Resources for Kesubos 94

1.     The גמרא suggests that the case where the חכמים and בן ננס disagree is where there are multiple wives whose כתובות are on different days and before the last wife collected her כתובה they, according to רש"י, found out that the piece of land that had been given to the first wife was stolen. No claim had yet been made but a claim would eventually come. The מחלוקת is do we say מה שגבה בעל חוב מאוחר גבה and if the fourth wife takes the last piece of land she’ll be able to keep it or not. תוספות asks that if the last wife hadn’t been גובה yet then why do we allow her to take the land and come into this מחלוקת? If we know the first piece of land was stolen, why don’t we just give the remaining piece of land to the first wife! Therefore תוספות has a different פּשט. The שיטה מקובצת brings from רבינו יונה that רש"י understood that this is exactly like the case on צ"ג ע"א of יצאו עליה עסיקין where once the person is קונה we don’t just undue the sale because there are rumors that its stolen. Similarly, in our case we would tell the first wife that since she was already גובה, אחוי טירפך! The ריטב"א who agrees with תוספות seems to implicitly address this and says that רש"י said it is known that it was stolen and that’s as if it was already collected by ב"ד.

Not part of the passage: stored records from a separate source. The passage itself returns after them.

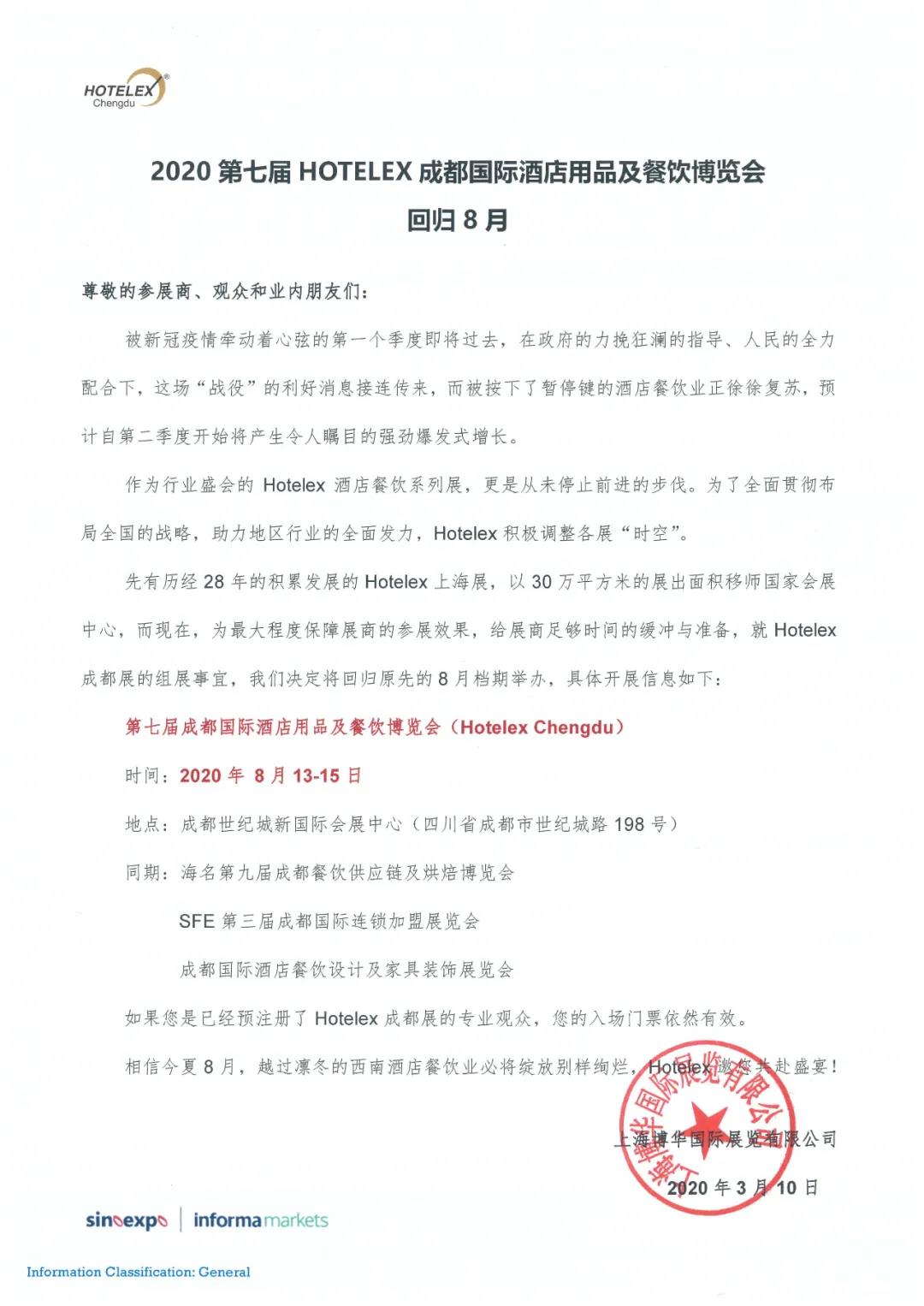 根據(jù)餐博會(huì)設(shè)計(jì)搭建公司領(lǐng)藝展覽了解到,2020 HOTELEX成都,為肩負(fù)起復(fù)興西南酒店餐飲行業(yè)的光榮使命,為最大程度保障展商的參展效果,并營造舒適安全的參展觀展環(huán)境,幾經(jīng)慎重商榷,辦展時(shí)間回歸8月,確定為2020年 8月13-15日。如需餐博會(huì)設(shè)計(jì)請聯(lián)系領(lǐng)藝展覽,希望我們能在餐博會(huì)搭建上為您添磚加瓦,祝各位朋友收獲多多,滿載而歸!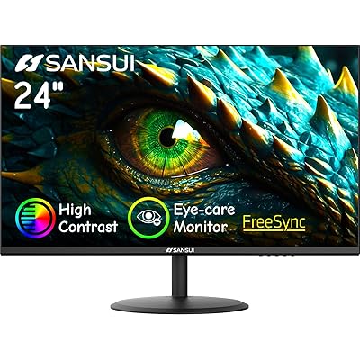 SANSUI Computer Monitor 24 inch Eye Care 1080P Display HDMI,VGA Ports with 178° Viewing Angle/Frame-Less/Tilt/VESA Compatible for Office and Home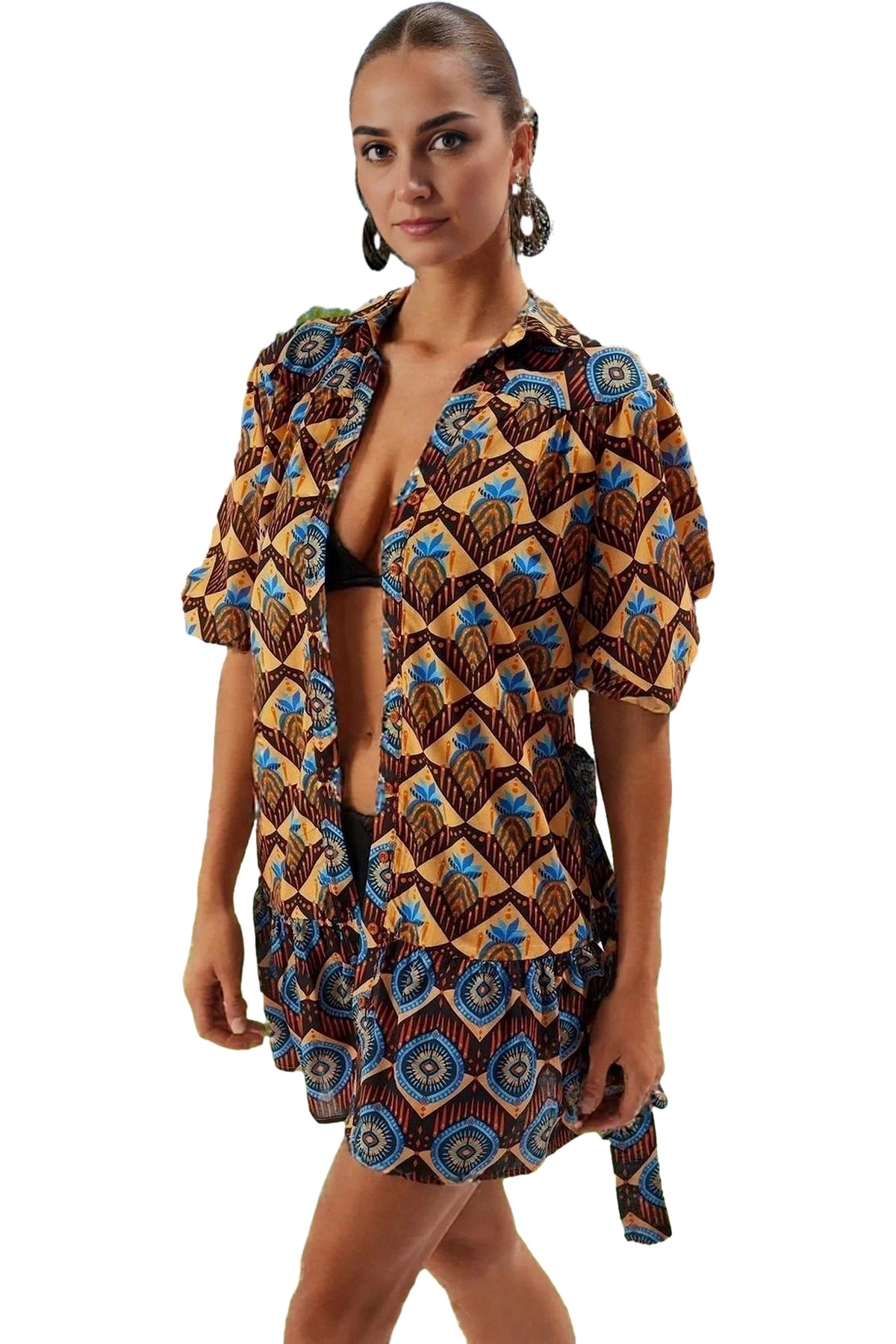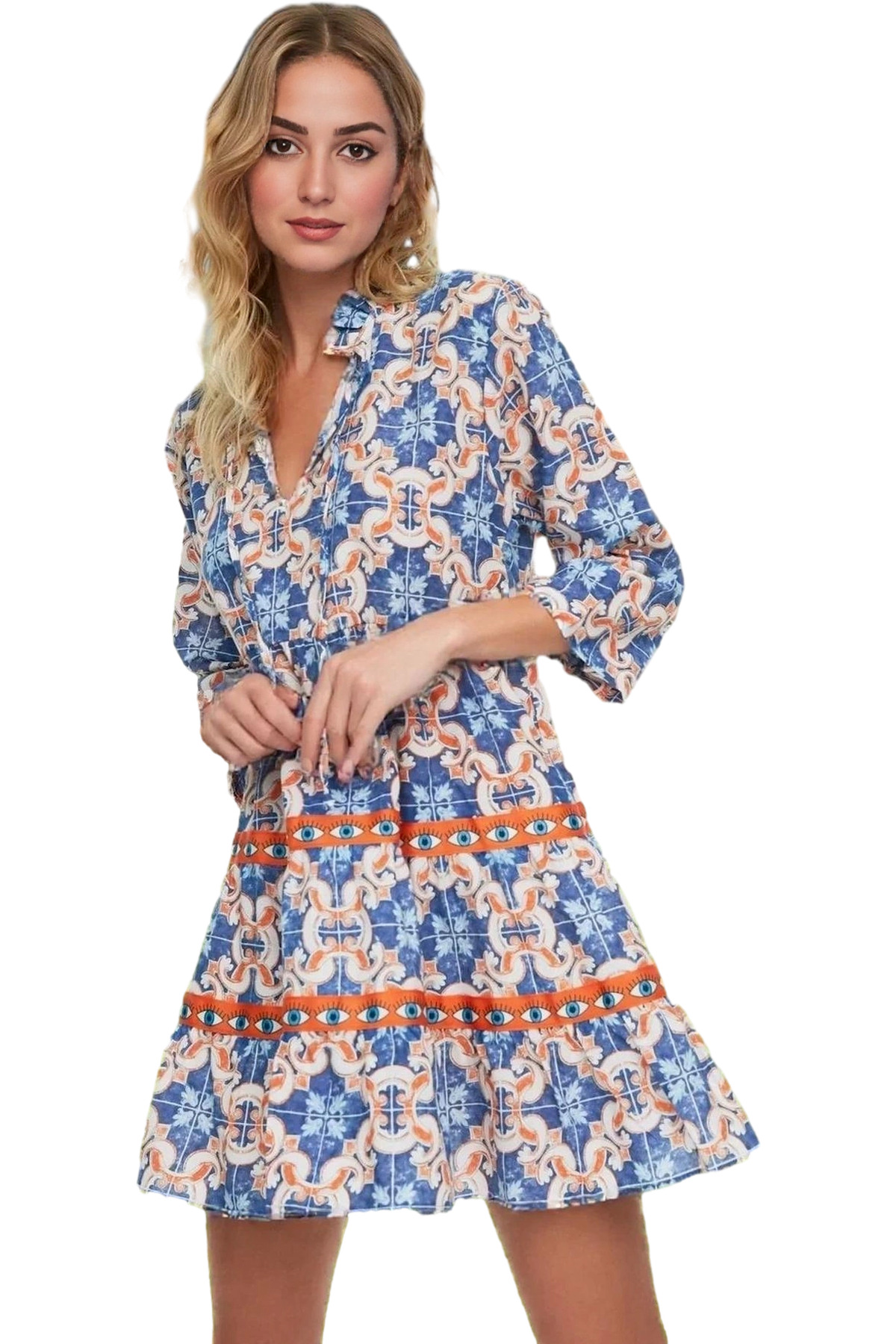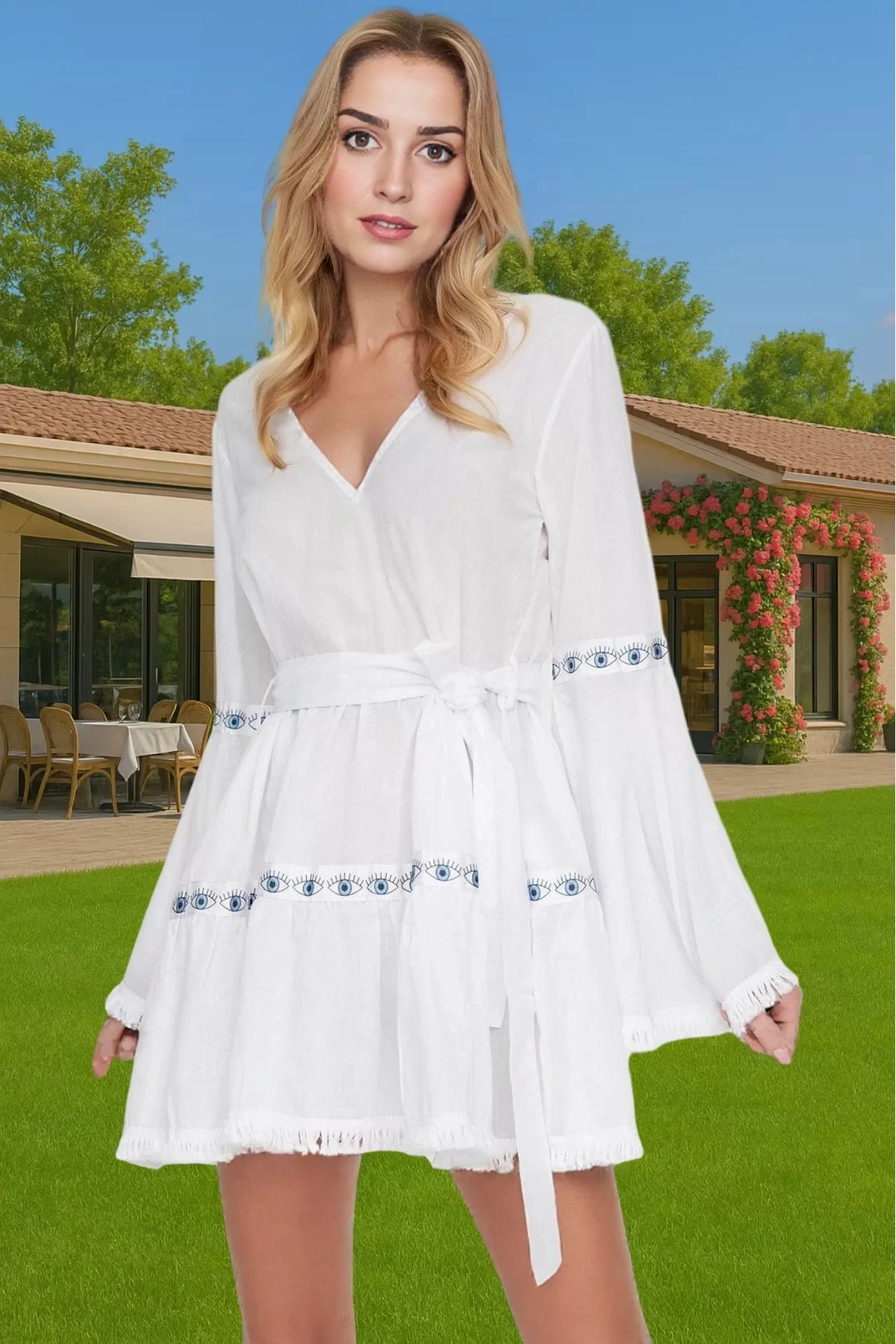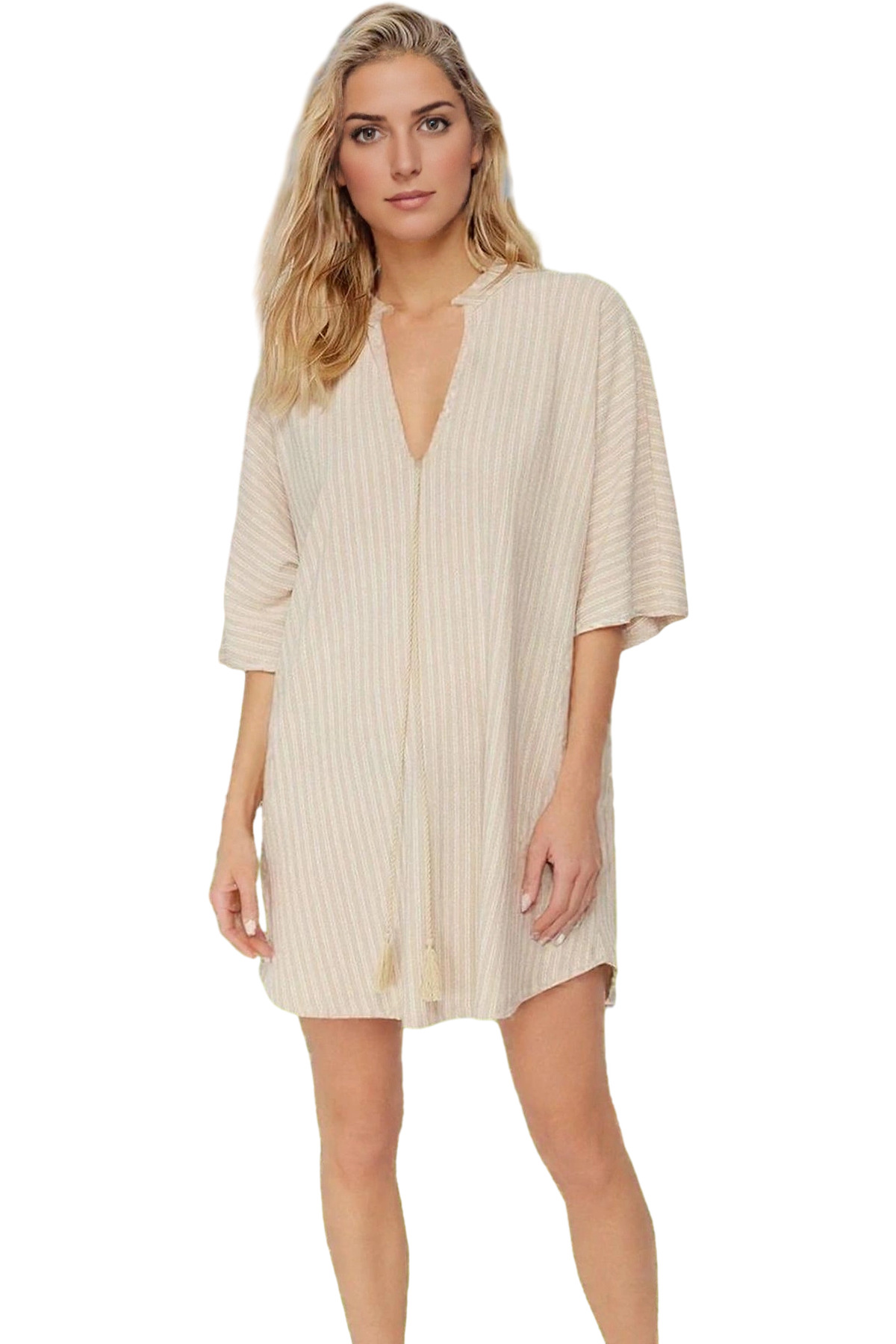 Şık Örme Bağlamalı Mini Plaj Elbisesi Rahat Kalıp Yazlık Kombin Dayanıklı Malzeme Rahat Ve Şık

2.     The גמרא brings a מחלוקת between רב ושמואל in a case where two שטרות were given to two different people with the exact same date and the exact same piece of land. רב says we say יחלוקו and שמואל says we say שודא דדייני. The גמרא explains that their מחלוקת is based on whether you say עדי חתימה כרתי or עדי מסירה כרתי.  רש"י, תוספות and many other ראשונים hold that our גמרא is specifically talking about a sale or gift of land, but if it was a loan then the דין would be יחלוקו according to everyone as we see from our משנה that if many women have a כתובה that has the same date they split it. This is also the opinion of the רי"ף. However, the רי"ף brings רבינו חננאל who disagrees and says that the מחלוקת רב ושמואל is even in a case of a loan. The ר"ן agrees with the רי"ף but doesn’t see any proof from our משנה since our משנה may be going like ר"מ. However, the reason he says that everyone will have to agree by a loan that the דין is יחלוקו is because the שעבוד קרקע is based on the קול that a שטר creates, and the  קול only speaks as loud as the words of the שטר so the שעבוד can only be from the date of the שטר and one person having gotten the שטר earlier or later would not be relevant. However, one can still argue that the שעבוד is only relevant for לקוחות but to collect from the borrower himself the שטר’s date should not be the only relevant item. However, the רי"ף’s שיטה is that there is no דין קדימה by a מלוה בעל פּה. The ר"ח however holds there is a דין קדימה which is why he holds the מחלוקת of our גמרא is still relevant even by a case of a loan. Interestingly, the מחבר in סימן ק"ד סעיף ח paskens that if many שטרי הלוואה all have the same day then the דין is יחלוקו, yet he also paskens that there is קדימה by a מלוה בעל פּה which should be an impossibility. The ש"ך there asks this question and leaves it as a צ"ע. However, the קצות there answers that the ר"ן is similar to תוספות in  ד"ה שני שטרות but that is not the only פּשט in the גמרא. ר"ת quoted by תוספות in  ד"ה לימא says that the reason שמואל says שודא is because it is possible that the דיין will happen to give it to the right guy. However, יחלוקו guarantees cheating someone some amount since שמואל holds עדי מסירה כרתי and he certainly wouldn’t have given the same thing at the same time to both people in front of each other. However, by a loan we are afraid we will give it to the wrong guy so שלא תנעול דלת we say יחלוקו. The מחבר fits perfectly with this שיטה.